Various aspects of the invention will be described by way of example only and with reference to the accompanying drawings, of which:

FIG. 1 is block diagram of a timing/phase characteristic measurement circuit, and

FIG. 2 is a timing diagram for the circuit of FIG. 1.

DETAILED DESCRIPTION OF THE DRAWINGS

FIG. 1 shows a circuit for measuring time and/or phase characteristics of a received signal. This has a sample counter that counts clock edges of a Received Recovered Clock. When this count reaches a pre-determined value (set by a Programmable Sample Period Register) it is detected by a comparator which asserts a latch enable signal, which in turn resets the sample counter. In this way, the latch enable signal is periodically generated on the Received Recovered Clock domain. The latch enable signal is fed to a plurality of Resync to Phase-Shifted Clock components, which resynchronise the latch enable signal onto each of a plurality of phase-shifted (measurement) clock domains, so that they are synchronous to the subsequent logic. Each of the phase-shifted clock domains is a fixed phase clock domain whose phase is fixed or unchanging.
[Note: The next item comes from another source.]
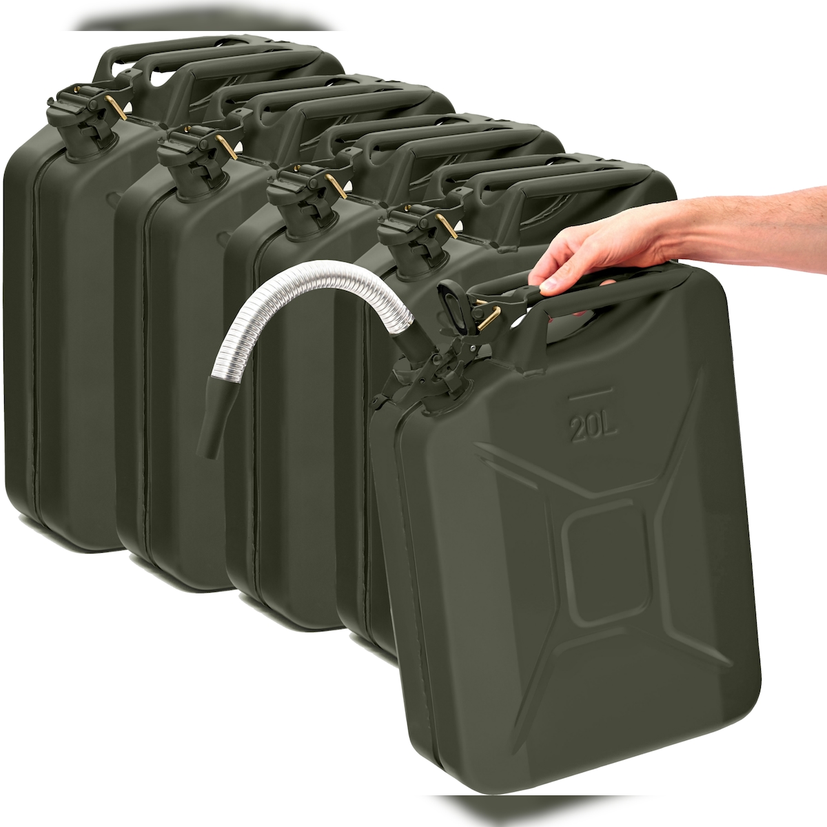 BW® Kraftstoffkanister Metall Benzinkanister 5x 20 Liter mit Ausgießer - Bronzegrün - RAL 6031-F9 - TÜV-geprüft und UN-Zulassung - Made in Europe
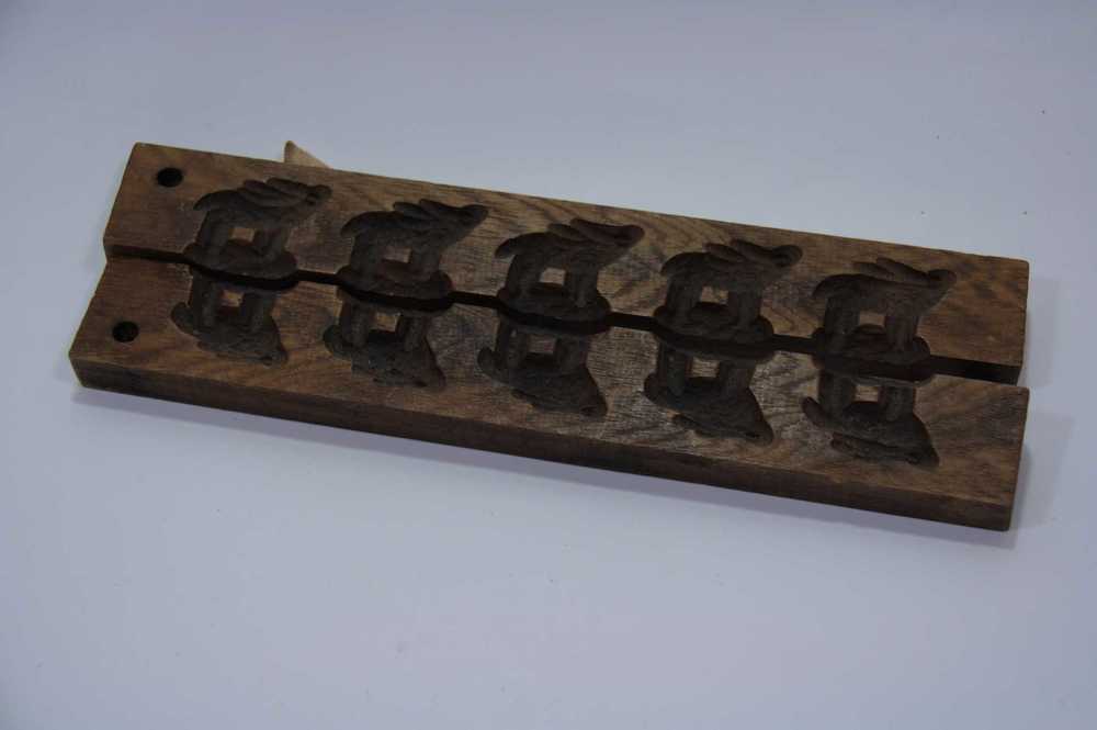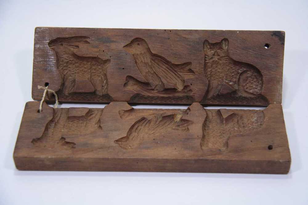 Suikerwerkplank van hout met 7 figuren, o.a. een vog...

On each of the phase-shifted clock domains, there is a free-running counter counting clock edges of the respective phase-shifted clock, and a sampler which samples the value of the counter whenever it receives a resynchronised latch enable signal. In FIG. 1 there are 4 phase-shifted 250 MHz clock domains each with a count period of 4 ns. Each sample therefore has ¼ the value of a 1 ns count, so the 4 samples can be added to give a 1 ns count. The increased resolution is determined by how many of the 4 counters have incremented with respect to the others.

Each sampler also outputs a valid signal to indicate when it has output a new sample. This is resynchronised onto the System Clock domain. This indicates that the sample (on the phase-shifted clock domain) is now safe to be read on the System Clock domain. When all samples are valid (on the System Clock domain) samples are added to give 1 ns count. The Format to BRAM component is part of a system of preparing the measurement to be read in a known way, and so will not be described in detail. The measured 1 ns count, triggered periodically based on the actual Rx Recovered Clock period and Programmable Sample Period Register are compared to an expected ns count, based on the Programmable Sample Period Register and the expected Rx Clock period.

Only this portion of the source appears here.